Просто в один прекрасный день брала меня за руку и говорила: «Пойдем, малыш. Это опять не
И мы шли в кафе, даже если было совсем туго с деньгами. Она заказывала себе водку, а мне – горячий шоколад. Мы чокались, и она торжественно произносила: «Ну, за вашу и нашу свободу!» И больше мы о «нем» не вспоминали…
Я почти не помню своего отца, только его вещи, летящие в распахнутое в ночь окно. Одна рубашка зацепилась за ветку и долго потом висела, так беспомощно и бесстыдно, что было больно смотреть.
К счастью, мы скоро уехали оттуда. Мы вообще часто переезжали: Одесса, Питер, Париж… Она любила повторять: «Запомни: мы – кочевники. У нас два дома: весь мир и ты сам».

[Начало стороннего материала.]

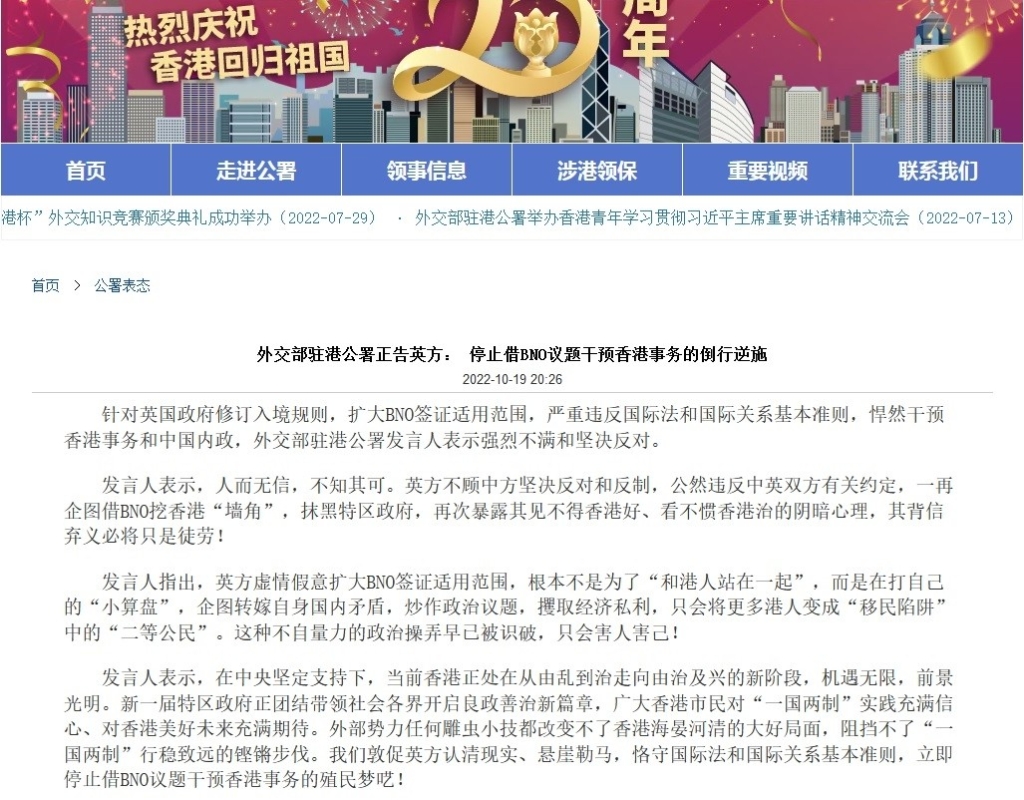 香港新聞網10月21日電 針對英國政府修訂入境規則,擴大BNO簽證適用範圍,嚴重違反國際法和國際關係基本準則,悍然干預香港事務和中國內政,外交部駐港公署發言人表示強烈不滿和堅決反對。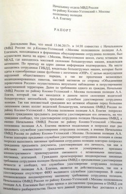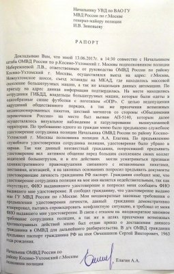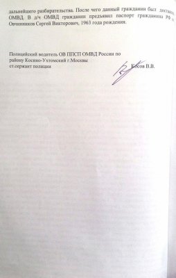 Неповиновение законным требованиям, по мнению полиции, состояло в том, что Овчинников отказался предъявить документы. Как пишет Яценко, в рапорте, составленном на Овчинникова, было написано, что у активиста попросили паспорт, поскольку в его действиях «могли усматриваться признаки административного правонарушения, связанного с незаконными пикетами, шествиями, агитацией». Когда же он отказался, его доставили в отдел «в целях пресечения возможных противоправных действий».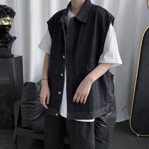 [에이치플러스몰]남성용 청 데님 조끼 레이어드 남방 반팔 셔츠

Точкой оседлости была крошечная, заваленная книгами от пола до потолка квартирка моей бабушки Софии. Бабушка, напротив, никуда уже не выходила – болели ноги – и целыми днями дымила папиросой над очередной рукописью – она работала редактором.
Когда мы возвращались из наших странствий, она ни о чем не расспрашивала, зато сразу обрушивала на нас потоки стихов…
Мужчин в этом роду амазонок испокон века не было, и в них, кажется, не особо нуждались. Поэтому все очень удивились, когда родился я. И если что-то во мне им не нравилось или казалось непонятным, они обе совершенно одинаково разводили руками и произносили со смесью удивления и сострадания: «Что поделаешь – мальчик!»
…Мне было семнадцать, ей тридцать семь, когда это случилось. Она не вошла в море. Она поехала в Париж. «Может, хоть напоследок встречу
В больницу она не сдавалась до последнего. Только когда стало невозможно терпеть.
Но и там она все ждала «его». Влюбилась сначала в лечащего врача, потом в священника, который туда ходил. Хотя он был до ужаса некрасивый. «Зато очень умный». И вот он-то ей все объяснил. Исторически.
«Посмотрите, сколько людей погибло в катастрофах двадцатого века. И сколько у них не родилось детей, а потом внуков. Почти каждый сейчас живет с этой пустотой. Либо в одиночестве, либо в очевидном мезальянсе… Кто знает, может, дедушка вашего суженого получил пулю на Бутовском полигоне или ушел под лед на Дороге жизни…»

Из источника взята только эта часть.